Functions can't refer to other functions #69

Closed lukemarsden closed 2 years ago

lukemarsden commented 2 years ago
def foo():
  pass

def bar():
  foo()

bar()

doesn't work when translating from notebook -> pipeline

Bubblyworld commented 2 years ago

Think I'm starting to work out what's going on here. Basically we aggregate the user's code blocks for each step into a python script that's run with exec(__code, __variables_to_mount, __loc), where __variables_to_mount extracts local variables from the previous pipeline step to simulate the name resolution rules in Jupyter notebooks, and __loc is just an empty namespace (see the kubeflow jinja templates for context). According to the docs for exec:

If globals and locals are given, they are used for the global and local variables, respectively. If provided, locals can be any mapping object. Remember that at the module level, globals and locals are the same dictionary. If exec gets two separate objects as globals and locals, the code will be executed as if it were embedded in a class definition.

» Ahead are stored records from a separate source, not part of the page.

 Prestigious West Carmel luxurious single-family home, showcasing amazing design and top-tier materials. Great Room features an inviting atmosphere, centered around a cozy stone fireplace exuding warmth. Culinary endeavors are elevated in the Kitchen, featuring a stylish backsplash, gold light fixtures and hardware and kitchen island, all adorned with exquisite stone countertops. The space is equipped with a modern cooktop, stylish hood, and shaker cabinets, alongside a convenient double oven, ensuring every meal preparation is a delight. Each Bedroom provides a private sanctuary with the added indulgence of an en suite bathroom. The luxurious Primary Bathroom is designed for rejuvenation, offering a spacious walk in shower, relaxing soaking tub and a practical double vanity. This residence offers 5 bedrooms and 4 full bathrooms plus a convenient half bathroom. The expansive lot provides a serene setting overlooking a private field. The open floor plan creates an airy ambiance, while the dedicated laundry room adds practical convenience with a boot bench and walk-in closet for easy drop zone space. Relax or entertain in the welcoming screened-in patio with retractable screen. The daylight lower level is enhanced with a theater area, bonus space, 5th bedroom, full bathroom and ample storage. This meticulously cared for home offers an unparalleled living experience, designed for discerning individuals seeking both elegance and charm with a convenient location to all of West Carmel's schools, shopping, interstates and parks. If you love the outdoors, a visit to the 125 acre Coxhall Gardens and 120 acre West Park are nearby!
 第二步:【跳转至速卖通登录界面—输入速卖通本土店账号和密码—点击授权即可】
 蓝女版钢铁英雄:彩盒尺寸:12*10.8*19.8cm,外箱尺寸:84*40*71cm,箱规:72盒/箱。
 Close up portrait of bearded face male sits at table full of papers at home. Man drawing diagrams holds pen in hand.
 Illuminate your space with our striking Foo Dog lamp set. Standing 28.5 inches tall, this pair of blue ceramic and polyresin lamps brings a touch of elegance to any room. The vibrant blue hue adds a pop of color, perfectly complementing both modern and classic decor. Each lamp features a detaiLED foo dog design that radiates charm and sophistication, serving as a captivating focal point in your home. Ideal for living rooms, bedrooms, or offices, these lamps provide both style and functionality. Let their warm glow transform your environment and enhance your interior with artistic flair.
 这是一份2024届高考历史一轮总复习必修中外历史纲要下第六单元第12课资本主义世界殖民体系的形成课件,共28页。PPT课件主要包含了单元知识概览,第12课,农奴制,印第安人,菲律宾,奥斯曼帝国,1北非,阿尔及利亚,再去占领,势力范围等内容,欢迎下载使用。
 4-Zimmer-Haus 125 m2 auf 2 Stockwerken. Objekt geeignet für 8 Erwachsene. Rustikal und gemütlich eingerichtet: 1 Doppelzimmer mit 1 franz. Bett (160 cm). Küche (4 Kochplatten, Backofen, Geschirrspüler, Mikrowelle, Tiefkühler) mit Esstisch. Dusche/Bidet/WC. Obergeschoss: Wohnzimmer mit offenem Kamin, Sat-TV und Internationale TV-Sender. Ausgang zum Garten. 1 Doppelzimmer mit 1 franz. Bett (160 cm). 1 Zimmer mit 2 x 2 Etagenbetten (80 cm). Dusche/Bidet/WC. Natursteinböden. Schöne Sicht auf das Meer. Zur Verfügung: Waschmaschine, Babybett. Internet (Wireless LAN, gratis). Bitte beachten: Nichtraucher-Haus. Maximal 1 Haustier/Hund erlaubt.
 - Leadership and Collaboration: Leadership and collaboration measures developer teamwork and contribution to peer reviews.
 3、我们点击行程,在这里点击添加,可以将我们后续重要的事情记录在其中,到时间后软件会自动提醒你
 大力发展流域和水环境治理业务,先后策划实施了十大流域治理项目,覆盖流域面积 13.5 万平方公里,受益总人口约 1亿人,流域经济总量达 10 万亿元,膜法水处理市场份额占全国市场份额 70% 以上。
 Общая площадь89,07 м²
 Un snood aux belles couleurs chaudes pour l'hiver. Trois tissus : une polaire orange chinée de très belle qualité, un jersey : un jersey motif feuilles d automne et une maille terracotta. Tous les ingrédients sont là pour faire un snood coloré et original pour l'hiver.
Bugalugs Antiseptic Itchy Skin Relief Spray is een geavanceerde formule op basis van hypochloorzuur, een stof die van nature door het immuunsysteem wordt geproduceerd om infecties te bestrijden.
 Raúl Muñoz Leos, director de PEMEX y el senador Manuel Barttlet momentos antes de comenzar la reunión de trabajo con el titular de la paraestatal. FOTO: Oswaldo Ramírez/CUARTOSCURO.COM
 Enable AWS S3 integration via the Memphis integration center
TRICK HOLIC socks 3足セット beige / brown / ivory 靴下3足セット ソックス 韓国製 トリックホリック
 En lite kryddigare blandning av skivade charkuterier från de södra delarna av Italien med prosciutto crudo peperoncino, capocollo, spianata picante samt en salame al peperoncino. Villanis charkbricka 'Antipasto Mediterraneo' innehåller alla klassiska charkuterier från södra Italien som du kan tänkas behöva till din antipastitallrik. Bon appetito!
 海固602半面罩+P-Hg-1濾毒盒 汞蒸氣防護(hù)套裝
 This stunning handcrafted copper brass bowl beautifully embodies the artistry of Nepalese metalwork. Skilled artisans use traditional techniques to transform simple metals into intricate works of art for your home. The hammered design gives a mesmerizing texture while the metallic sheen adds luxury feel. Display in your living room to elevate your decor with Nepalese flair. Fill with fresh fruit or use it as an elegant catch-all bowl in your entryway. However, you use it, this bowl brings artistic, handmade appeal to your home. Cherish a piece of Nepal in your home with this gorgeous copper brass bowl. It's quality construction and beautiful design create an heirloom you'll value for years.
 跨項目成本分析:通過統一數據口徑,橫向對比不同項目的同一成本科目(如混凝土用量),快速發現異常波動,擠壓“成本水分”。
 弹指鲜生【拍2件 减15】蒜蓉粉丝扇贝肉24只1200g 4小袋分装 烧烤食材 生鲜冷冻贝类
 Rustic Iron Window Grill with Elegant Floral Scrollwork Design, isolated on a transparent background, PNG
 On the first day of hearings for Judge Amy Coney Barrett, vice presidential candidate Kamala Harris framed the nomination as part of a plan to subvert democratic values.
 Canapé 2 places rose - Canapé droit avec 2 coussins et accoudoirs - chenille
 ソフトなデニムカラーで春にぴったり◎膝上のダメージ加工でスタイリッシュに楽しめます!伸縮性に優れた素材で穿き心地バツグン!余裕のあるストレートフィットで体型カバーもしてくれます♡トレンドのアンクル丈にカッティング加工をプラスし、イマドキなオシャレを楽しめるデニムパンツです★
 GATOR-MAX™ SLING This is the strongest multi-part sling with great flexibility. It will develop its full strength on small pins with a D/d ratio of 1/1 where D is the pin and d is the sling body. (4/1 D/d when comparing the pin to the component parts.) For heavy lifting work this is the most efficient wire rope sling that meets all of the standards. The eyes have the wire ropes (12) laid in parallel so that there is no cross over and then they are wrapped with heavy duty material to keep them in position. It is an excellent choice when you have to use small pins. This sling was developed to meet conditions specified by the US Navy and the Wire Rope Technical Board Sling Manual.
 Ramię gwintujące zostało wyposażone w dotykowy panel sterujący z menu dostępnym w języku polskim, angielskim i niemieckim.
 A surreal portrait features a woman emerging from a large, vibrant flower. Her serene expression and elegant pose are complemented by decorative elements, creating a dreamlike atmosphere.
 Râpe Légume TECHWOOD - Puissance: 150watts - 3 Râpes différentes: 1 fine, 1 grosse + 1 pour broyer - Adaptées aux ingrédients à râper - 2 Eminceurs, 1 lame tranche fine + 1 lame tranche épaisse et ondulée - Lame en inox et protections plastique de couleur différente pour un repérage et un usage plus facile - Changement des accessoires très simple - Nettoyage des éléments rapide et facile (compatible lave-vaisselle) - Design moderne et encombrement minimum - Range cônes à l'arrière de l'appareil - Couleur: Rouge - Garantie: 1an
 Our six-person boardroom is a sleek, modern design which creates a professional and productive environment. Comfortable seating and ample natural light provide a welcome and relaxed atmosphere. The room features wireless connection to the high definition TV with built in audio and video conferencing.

Since we're giving both a locals and a globals map in our call, the code is executed as if it's in the scope of a class definition. But class definitions have special name resolution rules:

Class definition blocks and arguments to exec() and eval() are special in the context of name resolution. [...] The scope of names defined in a class block is limited to the class block; it does not extend to the code blocks of methods – this includes comprehensions and generator expressions since they are implemented using a function scope.

In other words, I think these bugs are happening for the same reason something like this doesn't work:

class A:
  def a(self):
    pass

  def b(self):
    a()

x = A()
x.b()
Traceback (most recent call last):
  File "/dev/fd/63", line 9, in <module>
  File "/dev/fd/63", line 6, in b
NameError: name 'a' is not defined
Bubblyworld commented 2 years ago

Haven't thought of a plan to actually fix this yet (while keeping multistep pipelines working - we still need to extract the locals from a step and inject them into the next step). The idea of inlining the user's code directly instead of using exec() could work, but extracting the right locals might be tricky (we have a bunch of other variables/functions defined in the jinja templates, for instance).

lukemarsden commented 2 years ago

Interesting, excellent digging! Maybe we can just merge new locals into the next step's globals..? And not pass two dictionaries in?

aronchick commented 2 years ago

Hi! Sorry I would have been more than happy to walk through stuff to save you time :)

Luke had a good idea to template the users code into temp file and the import it at the point here - then all we have to inline with the eval of the context from the previous step. I suspect that importing will be more inline with the class rules you quote earlier, but honestly no idea until we test. It also feels like a much cleaner way but would love your thoughts!

Bubblyworld commented 2 years ago

Hey, no worries, software archaeology is an old hobby! =P

Yeah, so as far as I can see both options work - exec(code, ctx) will run the code in a fresh execution frame where locals() = globals() = ctx, which I think is exactly the same as importing a module where ctx has been inlined into globals().

The exec option probably makes dealing with context easier though, so I'll give that a try in the morning 🙏